*/****
starring Tom Cruise, Philip Seymour Hoffman, Ving Rhames, Billy Crudup
screenplay by Alex Kurtzman & Roberto Orci & J.J. Abrams
directed by J.J. Abrams
by Walter Chaw SPOILER
WARNING IN EFFECT. That classic combination of a film that doesn't make
any sense with one that doesn't inspire anyone to invest an iota of
emotion in giving a crap, J.J. Abrams's Mission: Impossible
III (hereafter M:i:III) isn't convoluted
like the first two instalments so much as it's just incoherent and
loud.

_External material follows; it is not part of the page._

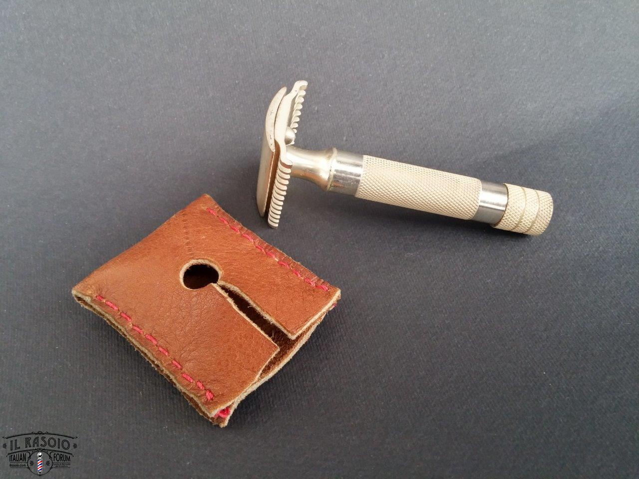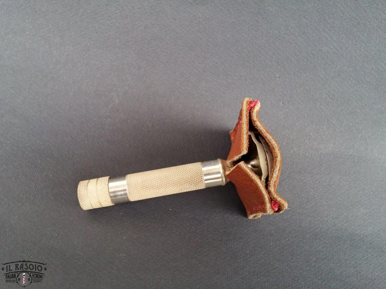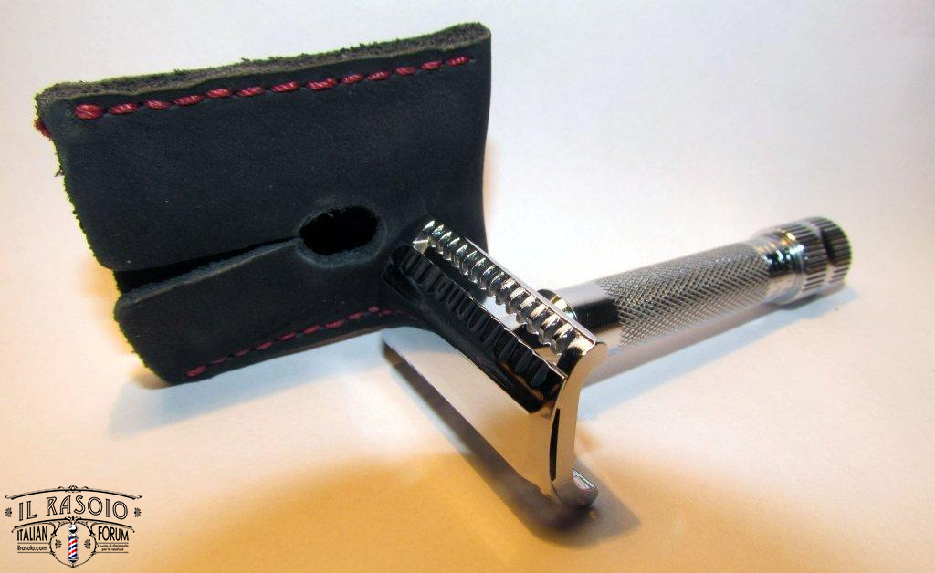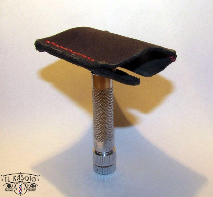 ho appena preso il Merkur 37c e siccome tengo i rasoi nel cassetto, anziché acquistare un porta rasoio ho voluto seguire le orme di Luca142857 provando a realizzare un copri testina con del cuoio morbido che avevo in casa.

It's the camera-in-a blender-school of action filmmaking: There's
so little understanding of spatial relationships that the whole thing
plays like that Naked Gun gag where the gunfight is
taking place between two people within arm's reach of one another. An
extended heist sequence set in Vatican City, for instance, features the
four members of IMF ("Impossible Mission Force") hotshot Ethan Hunt's
(Tom Cruise) team (Ving Rhames, Jonathan Rhys Meyers, and the requisite
hot Asian chick (Maggie Q)) running around in completely anonymous
locations, sticking doodads to walls, and confirming to one another
that they're "ready" and "in place." But without knowledge of their
plan, their location (respective to one another and their goal,
whatever that might be), their peril, or the stakes, you're left with
four people doing something for some reason, necessitating our
willingness to play along with the charade that we know who these
people are, what their goal is, and why we should care. Consider a
helicopter chase through a wind farm, too, and the many lovely visuals
that such an enticing premise suggests--then look to the end-product,
which is a lot of tight shots of helicopters in the middle of the
night, parts of giant windmills, a bad soundtrack, and multiple decibel
screaming about "incoming" and "they've got a lock on us." Who does?
And where are they going on that wind farm? And why does the promise of
an instrument-factory explosion induce yawns?